Indie casts and iTunes

For the record, the iTunes Music Store started listing podcasts on June 28, 2005. Yet just a month later, its list of top 100 podcasts has become the emerging medium's de facto standard of success, akin to the Billboard charts or the New York Times best seller list (and, to a lesser extent, Amazon sales rank).

BusinessWeek assesses how Apple Computer has, once again, upended things and completely changed the podcasting landscape:

In one of the shortest trajectories yet for a new Internet technology, podcasting has gone from the hands of indie developers to media giants in less than a year. Credit Apple. With typical finesse, it has created a centralized, easy-to-use service on iTunes that makes it a snap to find and listen to podcasts, the audio recordings that can be downloaded from the Net and played on a computer or portable music player. Apple also put out a new version of the iTunes software, which makes it easy for people to create their own podcasts, and invited all to post their creations on the site. Indie podcasters such as [Cinecast's Adam Kempenaar and Sam Hallgren] rejoiced, ready for the mainstream to embrace the technology they had championed.

But the reality isn't so simple. Apple's service, though just over a month old, is already changing the dynamics of the field. It has helped legitimize the medium, drawing traditional giants, from Ebert & Roeper parent Walt Disney to Dow Jones and News Corp. As they join iTunes, they're squeezing out many of the do-it-yourselfers who evangelized podcasting. Once a podcast drops off the top 100 list, it's almost impossible for a casual visitor to find it. For Kempenaar, the future is clear: "It will be harder for a new indie podcaster to get an audience."

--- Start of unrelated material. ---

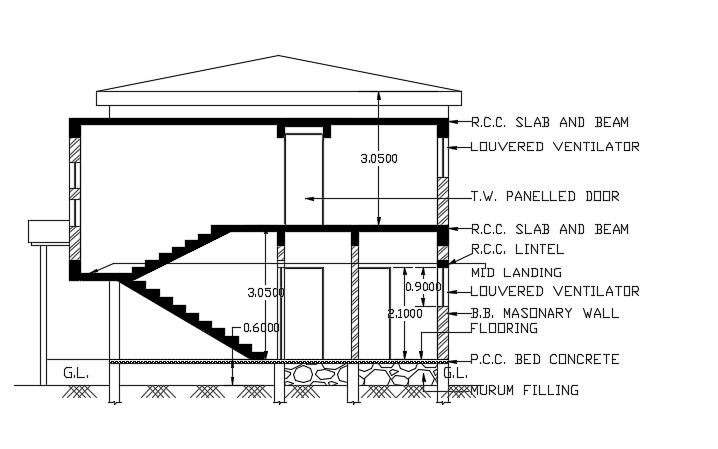 The left side section view of the 12x8m two story house building cad drawing model is given in this file. On this ground floor plan, a parking, verandah, drawing hall, study room, kitchen, and common bathroom & toilet is available. On this first floor plan, the master bedroom with the attached toilet, children’s bedroom with the attached bathroom, guest bedroom, and balcony is available. For more details download the AutoCAD drawing model from our cadbull. Thank you for downloading the AutoCAD files from our cadbull website.

The article goes on to outline the tactics indie 'casters are using to market themselves beyond iTunes, and even offers some tips on how they might carve out successful niches.

On a related note, comments to Heather Green's post on this subject at BusinessWeek Onine's Blogspotting point out that traffic for indie podcasts has still gone up because of Apple, even if they don't draw as big an audience as corporate brands.